The Natural Organic Colouring Matters
By
Arthur George Perkin, F.R.S., F.R.S.E., F.I.C., professor of colour chemistry and dyeing in the University of Leeds
and
Arthur Ernest Everest, D.Sc., Ph.D., F.I.C., of the Wilton Research Laboratories; Late head of the Department of Coal-tar Colour Chemistry; Technical College, Huddersfield
Longmans, Green and Co.
39 Paternoster Row, London
Fourth Avenue & 30th Street, New York
Bombay, Calcutta, and Madras
1918
Kaikki kuvat (kemialliset kaavat) puuttuvat // None of the illustrations (of chemical formulas) included.
The epidermal cells of the leaves of certain flowering plants contain, dissolved in their cell sap, a substance which is coloured blue by iodine. The colour disappears on warming and returns on cooling, as is the case with starch. On this account the compound was regarded as an amorphous variety of starch by Sanio, its discoverer (Botanische Zeitung, 1857, 15, 420). Schenck (ibid., 1857, 15, 497, 455) doubted whether this substance was identical with starch, and the correctness of this view was confirmed by Nageli (Beitrage zur wissensch.

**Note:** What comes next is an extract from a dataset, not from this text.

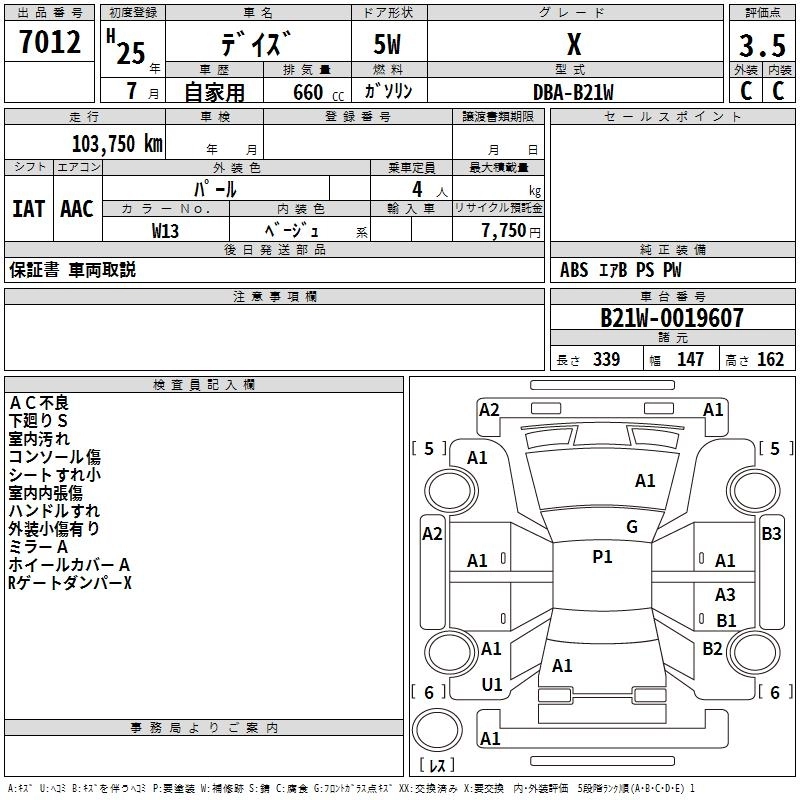 | X | DBA-B21W | 3B20 | FF | CVT | 659cc | 49ps(36kW)/6500rpm | AИ-92 | 1 220 100 | |

Botanik, 1860, 2, 187). For the chemical examination of this substance the dried shoots of the S. officinalis were selected by Barger (Chem. Soc. Trans., 1906, 89, 1210) as the raw material, because this plant is relatively rich in the compound, and is grown on the Continent for pharmaceutical purposes, so that large quantities are easily obtainable.